In today’s fast-paced business environment, waiting months for IT to implement process improvements isn’t just frustrating—it’s a competitive disadvantage. This reality has fueled one of the most significant shifts in the Robotic Process Automation (RPA) landscape: its democratization and the rise of citizen developers.
No longer confined to the domain of technical specialists, RPA is increasingly accessible to business users who understand their processes intimately but lack traditional coding expertise. This transformation is reshaping how organizations approach automation and who gets to participate in the digital transformation journey.
From Code-Heavy to Click-Friendly: The Evolution of RPA
When RPA first emerged as a mainstream technology in the early 2010s, implementing even simple automations required significant technical skills. Early RPA developers needed to understand programming concepts, integration methods, and often had to write custom code to handle exceptions or complex scenarios.
“The first generation of RPA tools effectively transferred the coding burden from traditional developers to a new class of RPA developers,” explains Sarah Johnson, Principal Analyst at Forrester Research. “They made automation more accessible than custom development but still required technical expertise that most business users simply didn’t have.”
This technical barrier created bottlenecks, with business units submitting automation requests to centralized RPA teams that quickly became overwhelmed. The result?

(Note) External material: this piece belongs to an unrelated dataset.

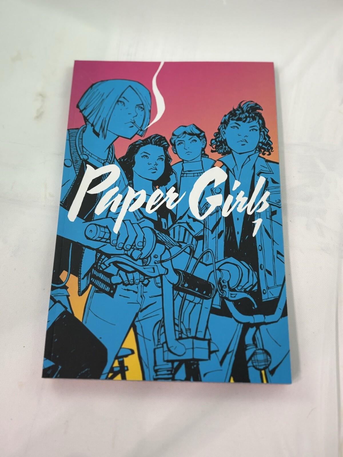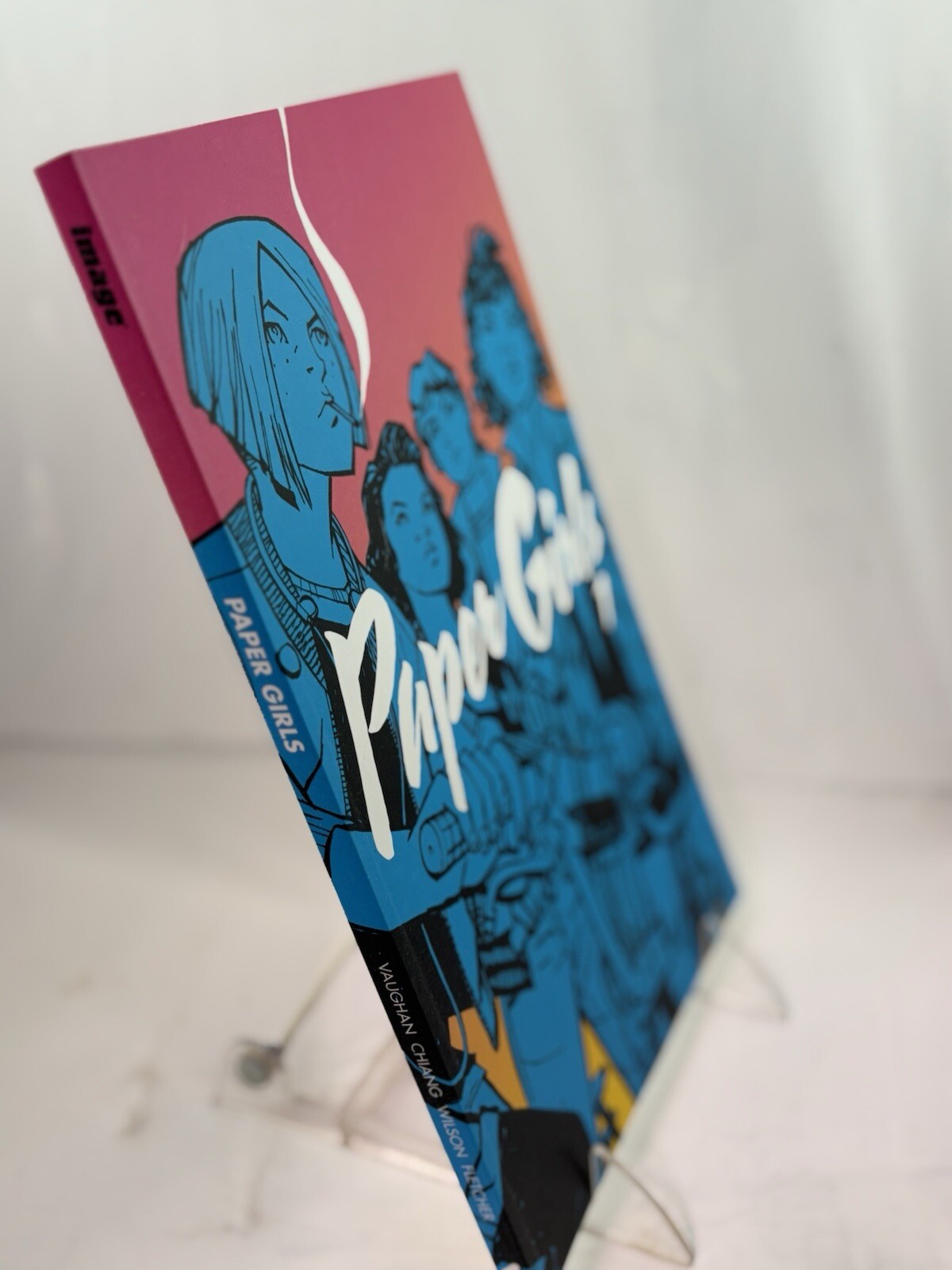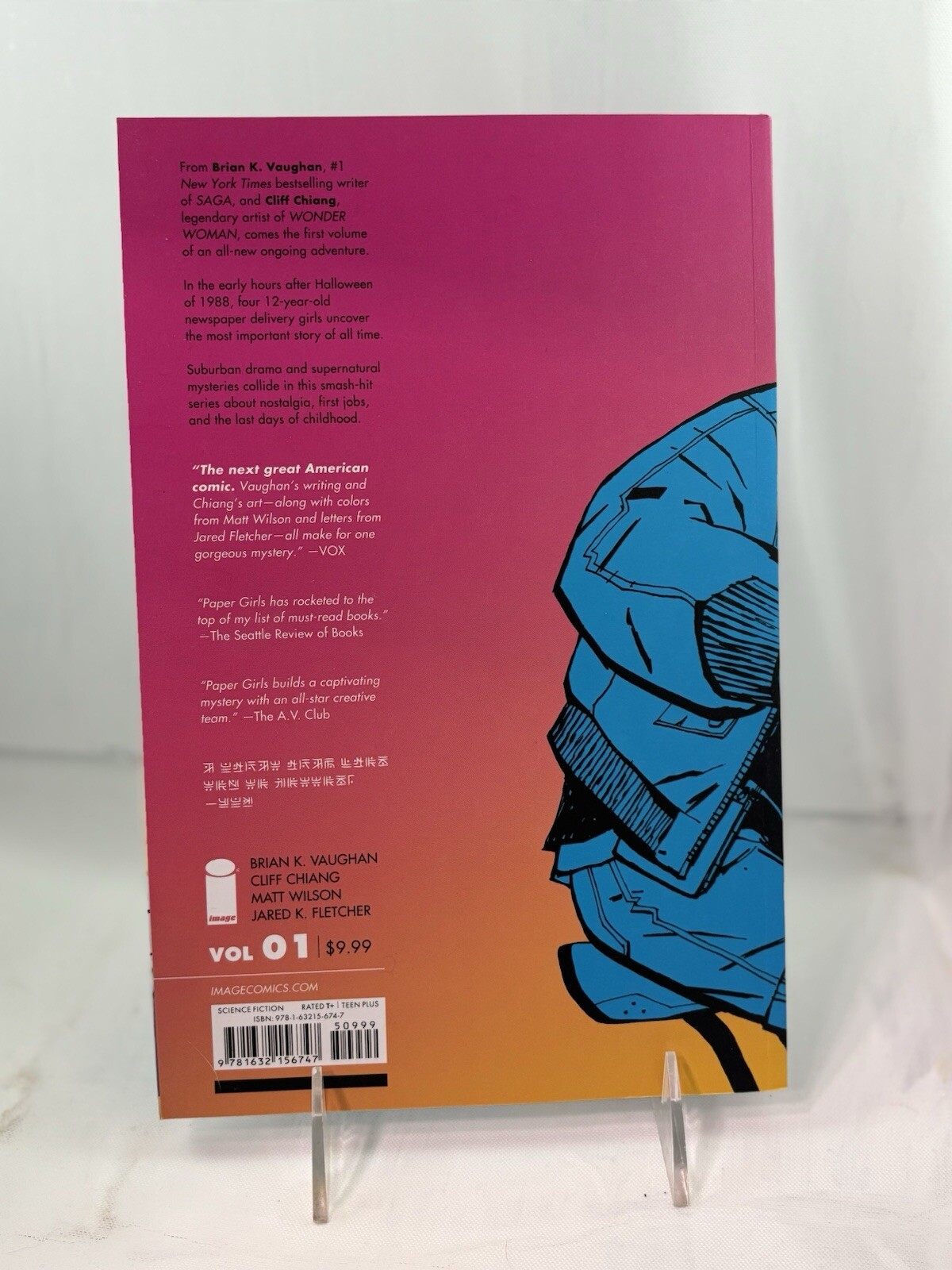 First Printing. Now a TV SERIES!! The comic book "Paper Girls #1" is a horror and science fiction story published by Image Comics and Malibu Comics in March 2016. The story is written by Brian K. Vaughan and Matthew Wilson, with art by Cliff Chiang. The plot follows a group of teenage girls who deliver newspapers in a fictional town in the 1990s and encounter supernatural and surreal events. The characters include Tiffany Quilkin, Erin Tieng, and Terry, as well as other supporting characters such as Editrix, Restorer Alister, and Jude. The cover artists are Matthew Wilson and Cliff Chiang. The series title is "Paper Girls" and the issue number is 1. The era is modern age (1992-now) and the tradition is US comics. The genre is horror & sci-fi or suspense and science fiction.

Long backlogs, frustrated users, and automation benefits limited to a small subset of processes deemed high-priority by IT.
The Driving Forces Behind Democratization
Several converging factors have accelerated the push toward more accessible RPA platforms:
Technological Advancements
The most visible driver has been the evolution of RPA platforms themselves. Modern RPA tools have embraced:
- Intuitive visual designers that use familiar drag-and-drop interfaces
- AI-assisted development that suggests next steps or automatically identifies automation opportunities
- Pre-built components for common tasks like reading emails or processing invoices
- Natural language instructions that can be converted into automation steps
“Today’s RPA platforms are increasingly designed with business users in mind,” notes Miguel Torres, CTO of Automation Anywhere. “The goal is to make building a bot as intuitive as creating a PowerPoint presentation or an Excel formula.”
Business Imperatives
Market pressures have also played a crucial role:
- Digital transformation acceleration due to the COVID-19 pandemic
- IT talent shortages making centralized automation teams unsustainable
- Competitive pressure to increase operational agility and efficiency
- The Great Resignation forcing organizations to do more with fewer staff
According to Gartner, organizations that enable business-led automation initiatives complete 30% more automation projects annually than those relying solely on centralized IT teams.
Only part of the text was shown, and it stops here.